▸ TASK BRIEF: Restrict the output to the lines below starting at the one that contains "В книге известного" and ending at the one that contains "花嫁の結婚の赤いふたの202", and restate them word for word, both ends included.

▸ DATA EXTRACT:
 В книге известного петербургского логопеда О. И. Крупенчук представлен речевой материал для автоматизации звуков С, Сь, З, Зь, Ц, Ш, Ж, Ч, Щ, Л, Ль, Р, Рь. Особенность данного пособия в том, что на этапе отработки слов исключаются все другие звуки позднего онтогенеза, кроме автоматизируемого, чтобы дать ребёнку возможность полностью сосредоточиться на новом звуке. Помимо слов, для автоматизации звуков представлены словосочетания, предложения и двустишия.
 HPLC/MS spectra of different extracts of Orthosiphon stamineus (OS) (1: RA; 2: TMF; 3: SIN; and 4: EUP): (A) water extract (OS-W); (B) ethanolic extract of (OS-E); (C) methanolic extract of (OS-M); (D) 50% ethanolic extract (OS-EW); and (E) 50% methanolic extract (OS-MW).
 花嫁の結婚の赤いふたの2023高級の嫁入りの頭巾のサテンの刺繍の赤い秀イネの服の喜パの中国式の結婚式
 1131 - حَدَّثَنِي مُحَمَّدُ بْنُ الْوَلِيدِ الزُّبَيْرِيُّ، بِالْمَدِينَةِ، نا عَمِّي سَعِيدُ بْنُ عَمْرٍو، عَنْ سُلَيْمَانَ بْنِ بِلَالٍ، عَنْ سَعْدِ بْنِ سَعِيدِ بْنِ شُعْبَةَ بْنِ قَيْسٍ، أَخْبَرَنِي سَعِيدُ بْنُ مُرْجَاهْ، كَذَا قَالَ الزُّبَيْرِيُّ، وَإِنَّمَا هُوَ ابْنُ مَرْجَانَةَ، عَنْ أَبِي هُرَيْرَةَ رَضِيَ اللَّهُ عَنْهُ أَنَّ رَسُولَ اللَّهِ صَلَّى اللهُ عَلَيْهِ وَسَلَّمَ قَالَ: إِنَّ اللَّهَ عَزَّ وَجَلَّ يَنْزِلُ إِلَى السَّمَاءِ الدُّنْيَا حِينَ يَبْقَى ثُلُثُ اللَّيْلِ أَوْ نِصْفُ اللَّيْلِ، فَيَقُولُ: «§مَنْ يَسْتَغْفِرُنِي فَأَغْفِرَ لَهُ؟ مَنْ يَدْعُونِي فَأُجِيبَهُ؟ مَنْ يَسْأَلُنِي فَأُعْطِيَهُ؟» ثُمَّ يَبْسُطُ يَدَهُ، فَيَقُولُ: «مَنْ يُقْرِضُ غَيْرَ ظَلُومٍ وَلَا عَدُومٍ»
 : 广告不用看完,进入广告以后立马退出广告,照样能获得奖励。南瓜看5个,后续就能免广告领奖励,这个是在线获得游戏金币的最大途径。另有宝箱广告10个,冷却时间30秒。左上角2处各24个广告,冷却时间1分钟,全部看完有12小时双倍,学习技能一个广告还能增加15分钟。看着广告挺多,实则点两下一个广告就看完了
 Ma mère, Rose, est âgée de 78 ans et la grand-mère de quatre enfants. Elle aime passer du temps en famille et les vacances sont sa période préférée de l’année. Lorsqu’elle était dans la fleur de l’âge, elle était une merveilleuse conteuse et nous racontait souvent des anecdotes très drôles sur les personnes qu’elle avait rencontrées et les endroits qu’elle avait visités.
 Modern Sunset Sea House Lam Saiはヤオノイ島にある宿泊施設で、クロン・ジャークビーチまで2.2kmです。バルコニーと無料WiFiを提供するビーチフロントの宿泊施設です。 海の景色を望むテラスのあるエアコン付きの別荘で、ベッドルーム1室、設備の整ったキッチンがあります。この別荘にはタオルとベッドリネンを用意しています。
* * *
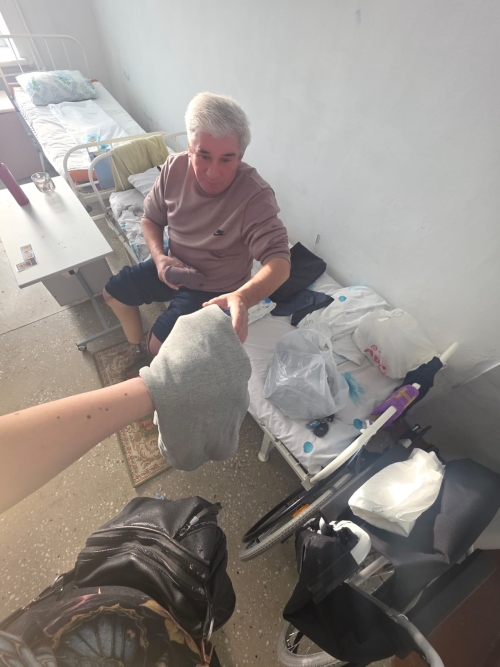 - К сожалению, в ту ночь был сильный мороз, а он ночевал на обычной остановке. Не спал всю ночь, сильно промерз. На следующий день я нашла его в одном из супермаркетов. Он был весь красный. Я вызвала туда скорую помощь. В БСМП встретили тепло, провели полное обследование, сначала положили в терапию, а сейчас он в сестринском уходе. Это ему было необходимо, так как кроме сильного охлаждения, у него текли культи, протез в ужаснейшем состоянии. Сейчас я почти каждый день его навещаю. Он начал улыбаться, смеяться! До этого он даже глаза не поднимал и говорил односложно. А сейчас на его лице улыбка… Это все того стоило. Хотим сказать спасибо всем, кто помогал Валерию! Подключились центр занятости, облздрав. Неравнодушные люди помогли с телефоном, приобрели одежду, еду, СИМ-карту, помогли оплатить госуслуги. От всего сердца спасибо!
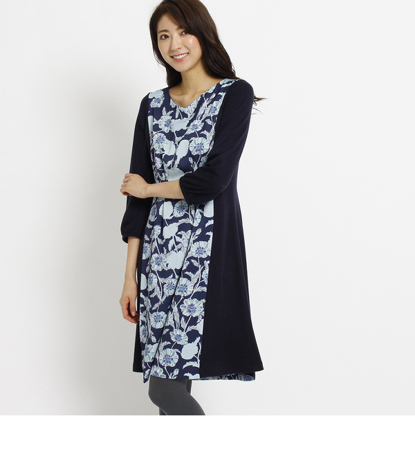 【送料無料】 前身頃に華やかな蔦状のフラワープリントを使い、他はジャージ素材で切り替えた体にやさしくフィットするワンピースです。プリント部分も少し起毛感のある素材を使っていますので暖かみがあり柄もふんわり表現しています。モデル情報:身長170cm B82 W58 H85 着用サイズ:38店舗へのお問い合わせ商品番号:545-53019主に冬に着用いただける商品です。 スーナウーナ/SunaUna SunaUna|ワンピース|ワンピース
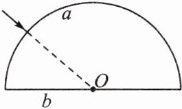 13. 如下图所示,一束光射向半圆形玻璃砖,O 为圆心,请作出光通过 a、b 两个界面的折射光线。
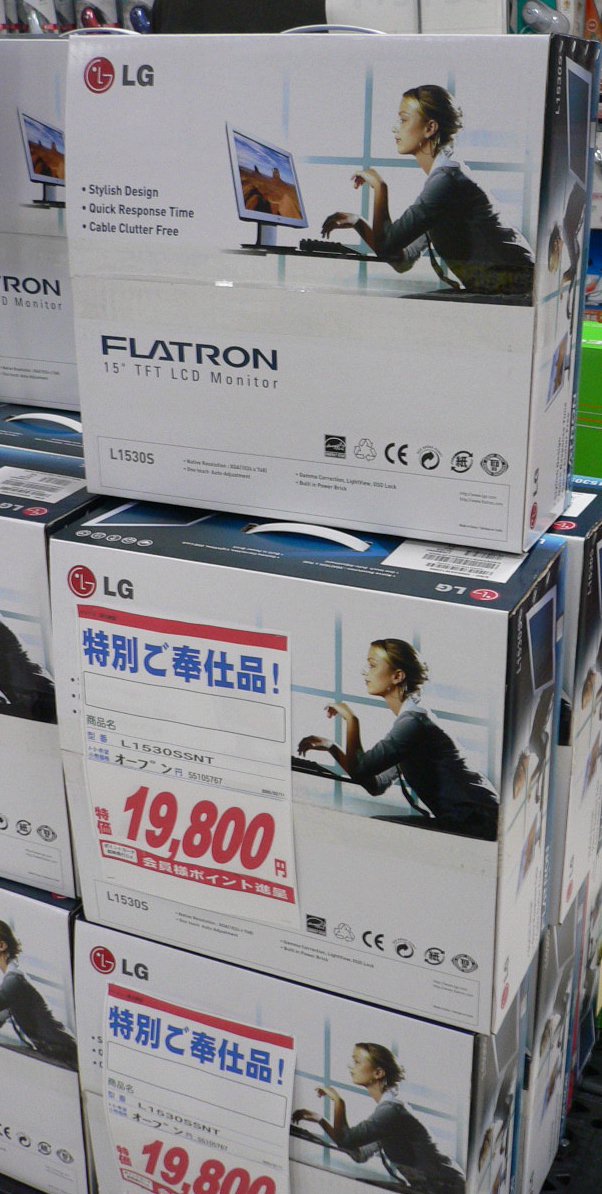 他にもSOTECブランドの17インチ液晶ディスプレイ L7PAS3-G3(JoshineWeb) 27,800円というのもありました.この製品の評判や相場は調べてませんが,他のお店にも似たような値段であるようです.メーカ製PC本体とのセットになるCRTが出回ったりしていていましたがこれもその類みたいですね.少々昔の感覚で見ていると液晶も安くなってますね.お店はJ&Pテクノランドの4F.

▸ ANSWER BOX:
 В книге известного петербургского логопеда О. И. Крупенчук представлен речевой материал для автоматизации звуков С, Сь, З, Зь, Ц, Ш, Ж, Ч, Щ, Л, Ль, Р, Рь. Особенность данного пособия в том, что на этапе отработки слов исключаются все другие звуки позднего онтогенеза, кроме автоматизируемого, чтобы дать ребёнку возможность полностью сосредоточиться на новом звуке. Помимо слов, для автоматизации звуков представлены словосочетания, предложения и двустишия.
 HPLC/MS spectra of different extracts of Orthosiphon stamineus (OS) (1: RA; 2: TMF; 3: SIN; and 4: EUP): (A) water extract (OS-W); (B) ethanolic extract of (OS-E); (C) methanolic extract of (OS-M); (D) 50% ethanolic extract (OS-EW); and (E) 50% methanolic extract (OS-MW).
 花嫁の結婚の赤いふたの2023高級の嫁入りの頭巾のサテンの刺繍の赤い秀イネの服の喜パの中国式の結婚式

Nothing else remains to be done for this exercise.